§ BRIEF
From the material below, set down exactly the lines that run from the one containing "Azərbaycana 84 milyon" to the one containing "Das Tiny House", minus the pictures.

§ INFORMATION SUPPLIED
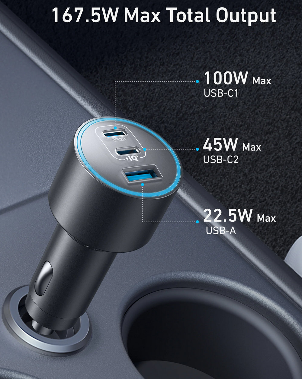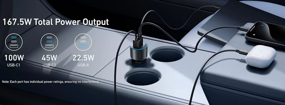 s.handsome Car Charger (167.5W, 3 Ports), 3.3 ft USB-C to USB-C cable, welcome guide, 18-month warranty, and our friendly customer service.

...

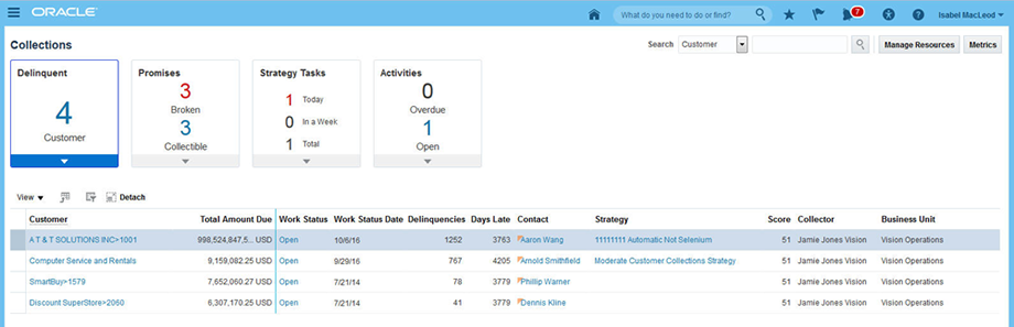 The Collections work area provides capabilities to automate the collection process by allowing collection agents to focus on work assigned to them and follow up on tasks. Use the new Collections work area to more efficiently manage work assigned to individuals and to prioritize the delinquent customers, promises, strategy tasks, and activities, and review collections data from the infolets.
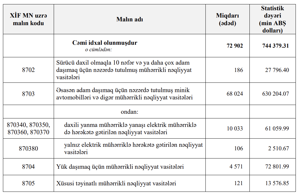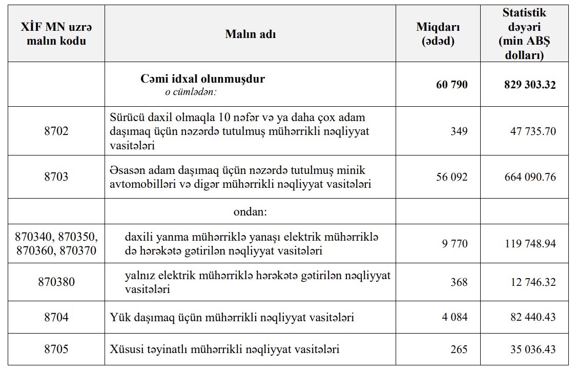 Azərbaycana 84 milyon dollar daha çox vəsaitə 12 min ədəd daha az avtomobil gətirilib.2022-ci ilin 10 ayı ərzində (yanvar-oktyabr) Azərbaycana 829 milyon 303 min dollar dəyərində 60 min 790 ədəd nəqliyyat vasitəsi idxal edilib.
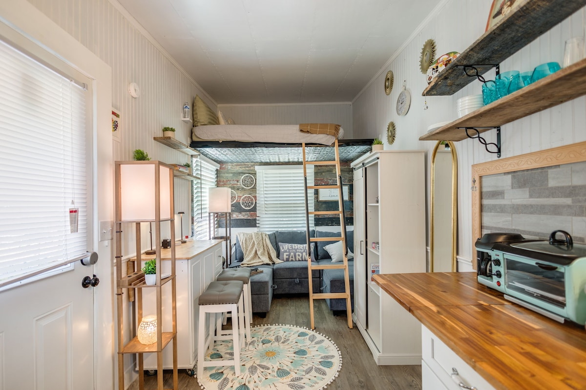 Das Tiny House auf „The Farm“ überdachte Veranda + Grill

§ PROBLEM SOLUTION
 Azərbaycana 84 milyon dollar daha çox vəsaitə 12 min ədəd daha az avtomobil gətirilib.2022-ci ilin 10 ayı ərzində (yanvar-oktyabr) Azərbaycana 829 milyon 303 min dollar dəyərində 60 min 790 ədəd nəqliyyat vasitəsi idxal edilib.
 Das Tiny House auf „The Farm“ überdachte Veranda + Grill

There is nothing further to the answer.